Surgical whole-scene semantic segmentation method based on long-strip convolution attention

Technical Field

The invention relates to the technical field of surgical scene segmentation, in particular to a surgical whole-scene semantic segmentation method based on long-strip convolution attention.

Background

The intelligent endoscopic surgical robot is a typical application of robot-assisted minimally invasive surgery, and can effectively improve the success rate of surgery, shorten the recovery period of surgery and improve the safety of patients. Automated surgical scene segmentation is a key technology for computer-assisted surgery and intelligent surgical robots. Its task is to segment the anatomical region and the medical device objects in the surgical scene and assign a class label to each pixel. The segmentation results may be used for a number of clinical tasks such as lesion tissue localization, surgical decision making, surgical navigation, and surgical skill assessment, among others.

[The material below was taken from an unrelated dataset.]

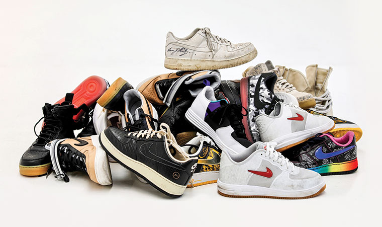 Nuestro editor Tuti Gianakis eligió sus favoritas Air Force 1 de ediciones limitadas. “En mi Top 10 de Air Force 1 favoritas no pueden faltar las originales AF1 07 blancas firmadas por Bruce Kilgore arriba de todas las zapas. Después, de izquierda a derecha, están las Special Force AF1 Mid negras con doble cierre trasero que permite introducir el pie sin desatar los cordones y está inspirado en el calzado militar. Las AF1 son famosas por la suela diseñada hace 35 años por Bruce Kilgore y esta versión del 30 aniversario llamado AF1 XXX Downtown tiene cuerpo camuflado blanco y negro y suela naranja flúo cubierta por una goma traslúcida opaca y sólo se conseguía en la ciudad de Nueva York.

Accurate interpretation of the entire scene in an endoscopic surgical video is a very challenging task. Compared with the traditional natural scene, the contrast of local features of the segmented target in the surgical scene is lower, and the feature similarity of the segmented target in the local region of different biological tissues or instruments is higher. Most of the work adopts an attention mechanism to combine the local semantic features of the target with the global features of the target, and captures long-range dependence to solve the related problems. DANet can adaptively combine local features with its global dependencies by using both positional and spatial attentions in parallel, but the computational complexity of positional attentions is high and feature modeling is based only on the information of the current feature map, which remains relatively limited for the segmentation surgery scenario. The Transformer based model associates richer cues with each pixel by self-attention, however, associating more views by self-attention will result in an increase in the secondary computational complexity relative to the number of pixel embeddings, and the self-attention mechanism only considers the adaptability of the spatial dimension but ignores the adaptability of the channel dimension, which is also important to the visual task.

Another non-negligible challenge is the precision requirements of the surgical scene segmentation on the regional edges. The clinician must pay attention to the cut boundaries and control errors at all times while performing the procedure, which requires that the network model be able to accurately resolve the tissue boundaries. GSCNN proposes a dual stream CNN architecture for semantic segmentation that links shape information into a single processing branch that can produce clearer predictions around object boundaries. The model may improve the performance of the baseline, but the multi-path branching operation increases the computational complexity of the network.

Disclosure of Invention

Based on the above, it is necessary to provide a surgical whole-scene semantic segmentation method based on long convolution attention, aiming at the existing problems.

The invention provides a surgical whole-scene semantic segmentation method based on long-strip convolution attention, which comprises the following steps:

s1: acquiring image data of an endoscopic surgery video and a truth value label corresponding to the image data; constructing a full surgical field Jing Yuyi segmentation model; the surgical whole-scene semantic segmentation model comprises an encoder, a strip convolution attention module and a segmentation module;

s2: the encoder encodes the image data and outputs an encoding result; the coding result comprises coding results of different stages;

s3: the coding result passes through the strip convolution attention module to output a feature map; the feature map comprises feature maps corresponding to the coding results of all stages;

s4: the segmentation module performs up-sampling operation and splicing operation on the feature graphs corresponding to the coding results of each stage to obtain segmentation results;

s5: convolving the feature map with the largest size to obtain a boundary map; setting a boundary guiding dividing head, and obtaining a target boundary diagram by the truth value label through the boundary guiding dividing head;

s6: calculating boundary loss according to the boundary map and the target boundary map; calculating segmentation loss according to the segmentation result and the truth value label; combining the boundary loss and the segmentation loss to construct a mixed loss function; optimizing the surgical whole-field Jing Yuyi segmentation model by the hybrid loss function;

s7: and inputting the image data to be segmented into the optimized full surgical field Jing Yuyi segmentation model, and outputting a final segmentation result.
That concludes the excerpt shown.